This series was applied to bpf/bpf-next.git (master)
by Daniel Borkmann <daniel@iogearbox.net>:

On Fri, 10 Feb 2023 18:06:12 +0100 you wrote:
> The set grew from the poor performance of %BPF_F_TEST_XDP_LIVE_FRAMES
> when the ice-backed device is a sender. Initially there were around
> 3.3 Mpps / thread, while I have 5.5 on skb-based pktgen...
> 
> After fixing 0005 (0004 is a prereq for it) first (strange thing nobody
> noticed that earlier), I started catching random OOMs. This is how 0002
> (and partially 0001) appeared.
> 0003 is a suggestion from Maciej to not waste time on refactoring dead
> lines. 0006 is a "cherry on top" to get away with the final 6.7 Mpps.
> 4.5 of 6 are fixes, but only the first three are tagged, since it then
> starts being tricky.

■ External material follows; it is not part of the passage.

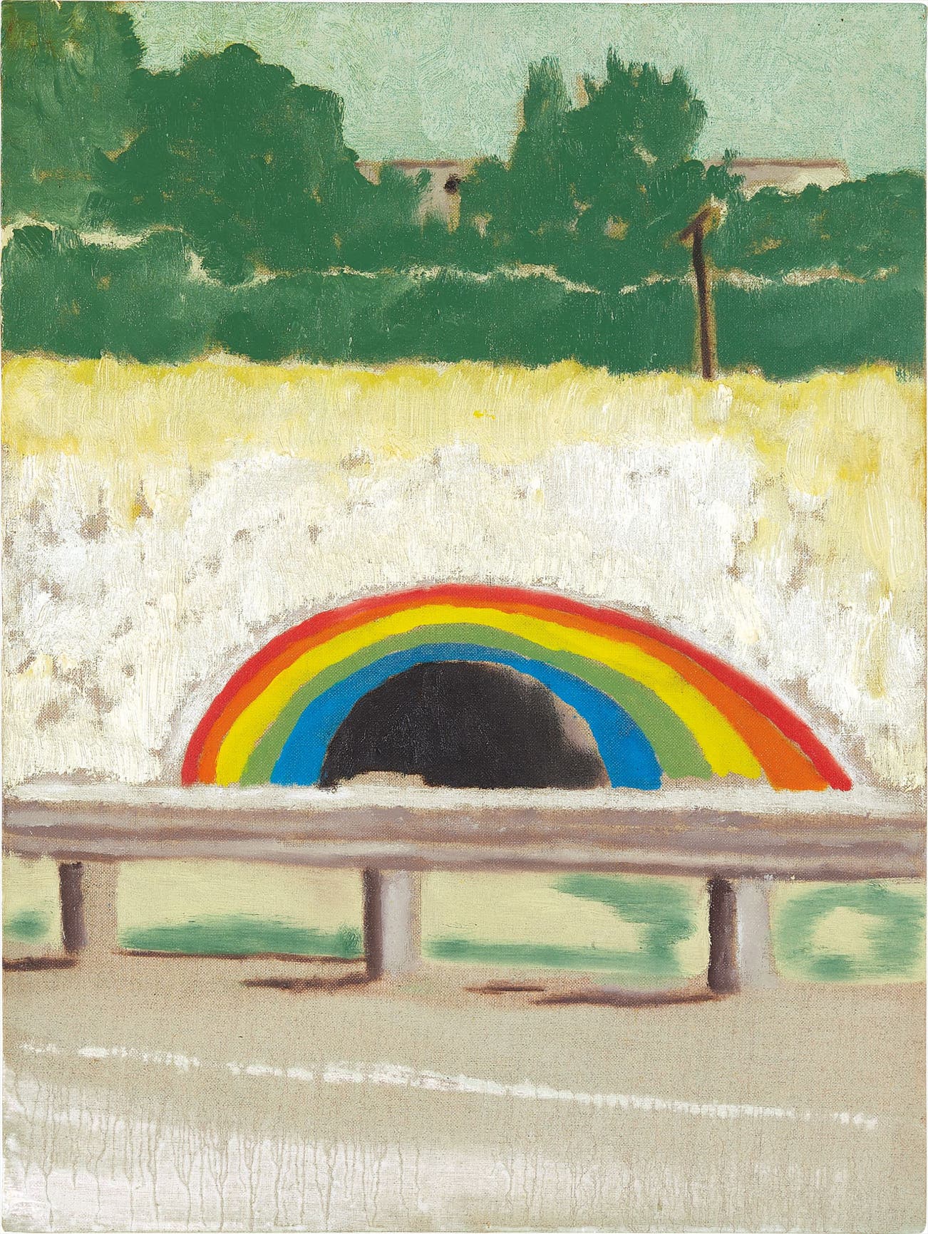 Between 1998 and 2000, Doig painted three monumental works centred on the Don Valley rainbow, one of which is presently in the collection of the Pinchuk Art Centre in Kiev whilst another was chosen as the lead illustration for the artist’s seminal retrospective at the Tate Britain in 2008. Despite only featuring in three major canvasses, Doig made a number of paintings, drawings, watercolours and aquatints that retell this unique experience, the mysterious view from the car seen by millions of commuters over several decades. The deep blackness of the tunnel’s centre is enigmatic, at once suggestive of an entrance to another realm whilst also depicting an anonymous marginal urban space. As Doig has commented, ’a lot of the works deal with peripheral or marginal sites, places where the urban world meets the natural world. Where the urban elements almost become, literally, abstract devices. There are a lot of ‘voids’ in the paintings. A lot of the paintings portray a sense of optimism that can often be read as being a little desperate, like the image of a rainbow painted around the entrance to an underpass.’ (Peter Doig in Adrian Searle, Kitty Scott and Catherine Grenier, Peter Doig, London, 2007, p. 139).

I may backport them manually later on.
> 
> [...]

Here is the summary with links:
  - [bpf-next,1/6] ice: fix ice_tx_ring::xdp_tx_active underflow
    https://git.kernel.org/bpf/bpf-next/c/bc4db8347003
  - [bpf-next,2/6] ice: fix XDP Tx ring overrun
    https://git.kernel.org/bpf/bpf-next/c/0bd939b60cea
  - [bpf-next,3/6] ice: remove two impossible branches on XDP Tx cleaning
    https://git.kernel.org/bpf/bpf-next/c/923096b5cec3
  - [bpf-next,4/6] ice: robustify cleaning/completing XDP Tx buffers
    https://git.kernel.org/bpf/bpf-next/c/aa1d3faf71a6
  - [bpf-next,5/6] ice: fix freeing XDP frames backed by Page Pool
    https://git.kernel.org/bpf/bpf-next/c/055d0920685e
  - [bpf-next,6/6] ice: micro-optimize .ndo_xdp_xmit() path
    https://git.kernel.org/bpf/bpf-next/c/ad07f29b9c9a

You are awesome, thank you!